According to one aspect of the invention, a trusted CPU resource sharing system in sensing edge cloud task unloading of an integrated block chain is provided, which comprises edge nodes and cluster head nodes;

the edge node is used for providing calculation task unloading service for the sensing equipment, adjusting the unit price of the CPU resource according to the principle that the unit price of the CPU resource is higher when the predicted unloading task amount is larger, and providing the CPU resource unit price to the cluster head node to achieve an intelligent contract of the calculation task unloading service;

the cluster head node is used for offering the sensing equipment according to the CPU resource unit price provided by the edge node and collecting the offer action { p) of the sensing equipment_o,tThe method comprises the steps of (1) voting and rewarding the credibility of an edge node CPU fed back by sensing equipment, and selecting a credible edge node by adopting a reinforcement learning algorithm according to the bid of the sensing equipment and the credibility voting and rewarding of the edge node CPU to achieve an intelligent contract and unload a computing task;

the edge node and the cluster head node are provided with a block chain for storing the intelligent contract; the intelligent contract comprises: size D of computing task signed by private keys of edge node and cluster head node of both parties of smart contract_jThe price of the edge node, the training duration, and the contract generation timestamp. When the intelligent contract is executed, injecting a preset number of bit coins into edge nodes and cluster head nodes of both parties of the contract respectively, and if any one of the parties does not comply with the intelligent contract, deducting the bit coins injected in advance in respective blocks by the intelligent contract agent so as to punish malicious behaviors of the two parties; if both parties abide by the intelligent contract, the intelligent contract agent returns the bitcoin injected in the block after deducting the return of the use of the CPU resource.

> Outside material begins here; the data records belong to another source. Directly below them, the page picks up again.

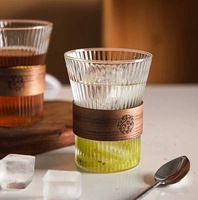 आधुनिक उच्च बोरोसिलिकेट ग्लास कॉफी कप मजबूत धारीदार सिलेंडर गर्मी प्रतिरोधी स्कूल के लिए आवश्यक नाश्ते की चाय के लिए आवश्यक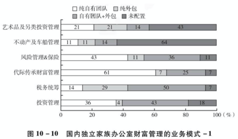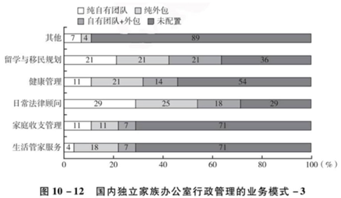 而在家族治理中,主要是依托于家族企业所对应的业务,扮演投融资顾问角色。在行政管理中,家族办公室大体核心业务均会立足于子女的教育及家族日常法律顾问支持。以上为家族办公室的核心业务,在所有家族办公室中均由自由团队进行业务支撑;而其他非核心业务往往会采用外包服务,这也与世界其他地方家族办公室的运行模式相类似(见图10-10 10-11 10-12)。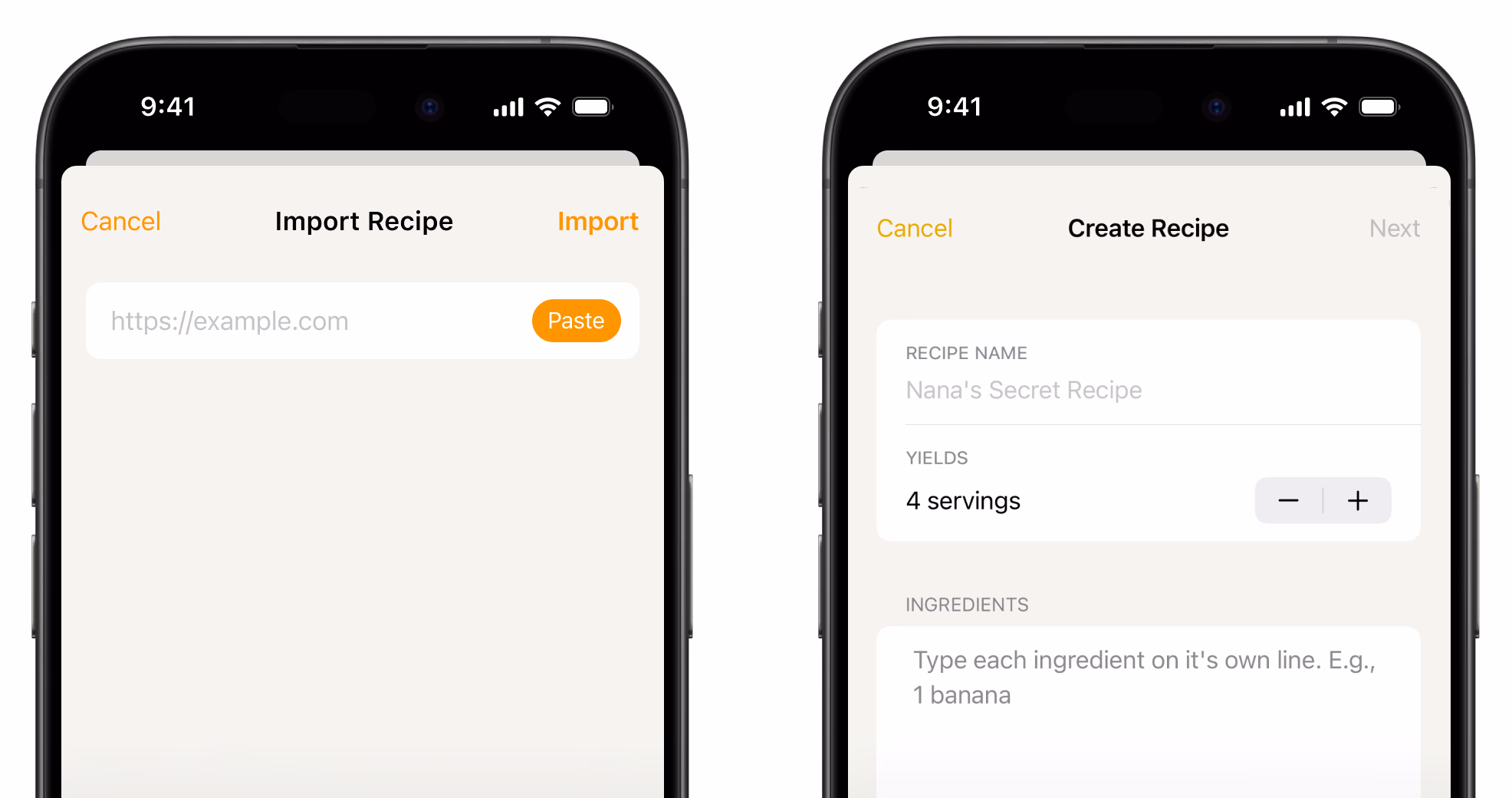 Additionally, the app allows you to easily import recipes from websites, or type them in yourself. This feature is quite handy if you’re cooking at home and want something more accurate than a photo estimation.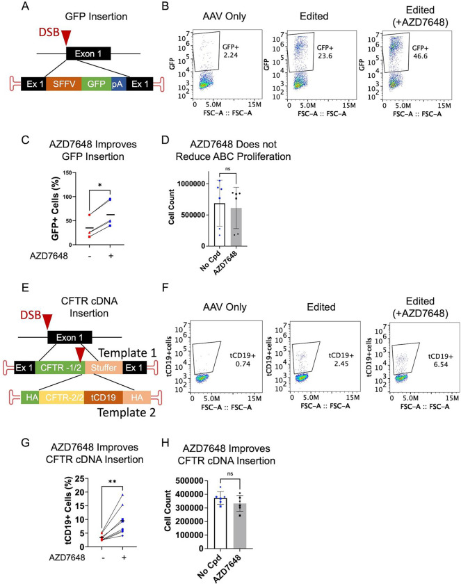 Cystic fibrosis (CF) is caused by mutations in the cystic fibrosis transmembrane conductance regulator (CFTR) gene. Although many people with CF (pwCF) are treated using CFTR modulators, some are non-responsive due to their genotype or other uncharacterized reasons. Autologous airway stem cell therapies, in which the CFTR cDNA has been replaced, may enable a durable therapy for all pwCF. Previously, CRISPR-Cas9 with two AAVs was used to sequentially insert two halves of the CFTR cDNA and an enrichment cassette into the CFTR locus. However, the editing efficiency was <10% and required enrichment to restore CFTR function. Further improvement in gene insertion may enhance cell therapy production. To improve CFTR cDNA insertion in human airway basal stem cells (ABCs), we evaluated the use of the small molecules AZD7648 and ART558 which inhibit non-homologous end joining (NHEJ) and micro-homology mediated end joining (MMEJ). Adding AZD7648 alone improved gene insertion by 2-3-fold. Adding both ART558 and AZD7648 improved gene insertion but induced toxicity. ABCs edited in the presence of AZD7648 produced differentiated airway epithelial sheets with restored CFTR function after enrichment. Adding AZD7648 did not increase off-target editing. Further studies are necessary to validate if AZD7648 treatment enriches cells with oncogenic mutations.

Preferably, in the system for truthfully sharing CPU resources in task offloading of the sensing edge cloud of the integrated block chain, the edge node uses a recurrent neural network to determine the current offload amount of the computation task according to the ith in the current offload amount sequence of the computation task provided by the cluster head node

Calculating the size of the corresponding predicted workload shedding amount

Preferably, CPU resources in the sensing edge cloud task unloading of the integrated block chain are trustedSharing system of said current calculation task offload amount size

The calculation is as follows:

wherein beta represents the task unload density calculated by all the sensing devices,

the number of the sensing devices unloading the computation tasks in the sensing device cluster j is represented, wherein ∈ {0,1, 2.,. mu (t) }, μ (t) is the number of the computation tasks unloaded by the sensing devices in the sensing device cluster j at time t, and λ is the unloading rate.

Preferably, in the system for trusted sharing of CPU resources in task offloading of the sensing edge cloud of the integrated block chain, the memory block of the recurrent neural network includes an input layer, a control layer, a neural network, and an output layer.

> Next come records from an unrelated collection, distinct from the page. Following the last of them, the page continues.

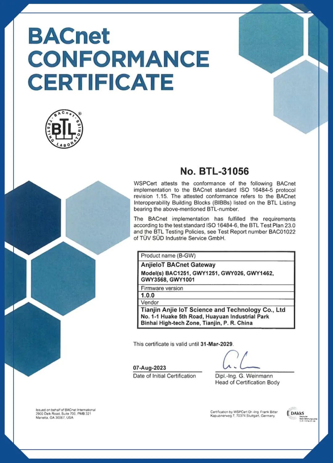 近日,由天津BB贝博艾弗森物联科技股份有限公司自主研发设计的GWY系列智能网关产品成功通过BTL(BACnet Testing Laboratories )认证,该项认证是国际楼宇自控领域的第一权威认证。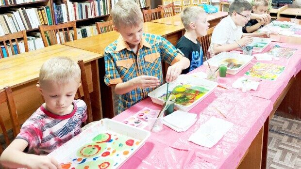 Читатели библиотеки-филиала №5 попробовали создать рисунки в технике «эбру». У каждого получился свой уникальный, яркий, необычный рисунок.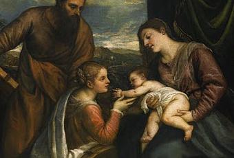 Titian's Sacra Conversazione: The Madonna and Child with Saints Luke and Catherine of Alexandria. ***Sotheby's New YorkJeudi 27 janvier 2011Vente aux enchères: "Important Old Master Paintings & Sculpture"dont Une œuvre magistrale de Titien (1485-1576), estimée entre $ 15 millions et $ 20 millions. Vidéo Sotheby's Restée à l’abri des regards depuis une trentaine d’année, cette "Conversation sacrée : Madone et Enfant avec saint Luc et sainte Catherine d’Alexandrie" est une des œuvres majeures du maître vénitien. Peint vers 1560, ce tableau témoigne de la maturité du peintre, par la profondeur des couleurs, par sa composition et par le mouvement des personnages. Jésus y est montré comme un enfant bien vivant, qui s’échappe des bras de la Vierge pour attraper sainte Catherine.

The input layer is used for inputting the unloading amount of the ith calculation task

Long term memory of c_t-1And short term memory h_t-1。

The control layer includes three control gates:

and

the following logics were respectively employed:

wherein, sigma represents a sigmoid activation function, and the function value is mapped into an interval from 0 to 1;

W_i ^T,

representing a weight; b_f,b_i,b_cRepresents a bias; tanh represents the activation function, and the mapping data is in the range of-1 to 1.

The output layer is used for outputting the size of the unloading amount of the ith predicted calculation task

The calculation is as follows:

wherein the content of the first and second substances,

represents a weight, b_oRepresents a bias;

the updating method of the long-term memory comprises the following steps:

short-term memory is obtained as follows: sequence of the size of the workload to be calculated

As short term memory, i.e.

Preferably, in the CPU resource trusted sharing system in the sensing edge cloud task offloading of the integrated block chain, the recurrent neural network is trained to obtain the network weight in the time interval T according to the following method

W_i ^T,

And bias b_f,b_i,b_c,b_o：

Initializing network weights and biases; at each time T within the time interval T, the following is performed:

selecting the size of the unloading capacity of the first calculation task

Input, computing output h using forward propagation_tAnd calculating a loss function

Back-propagation adjusts the weight and bias parameters, where L represents the calculation task offload amount sequence length,

representing the actual calculation task capacity size,

indicating the predicted size of the workload shedding of the computational tasks.

Preferably, in the system for trustfully sharing CPU resources in the sensing edge cloud task offloading of the integrated block chain, the unit price of the CPU resources is adjusted according to a principle that the unit price of the CPU resources is higher when the predicted offloading task amount is larger, and the adjusted unit price of the CPU resources is preferably calculated by using the following formula

Wherein p is_iThe current CPU resource unit price for the edge node i,

and xi represents the maximum capacity of the CPU of the edge node i, and is a weight parameter between the preset CPU price and the maximum capacity.

Preferably, in the CPU resource trusted sharing system in the sensing edge cloud task offloading of the integrated block chain, the cluster head node selects a trusted edge node by using a sensing device cluster learning model based on Q-learning.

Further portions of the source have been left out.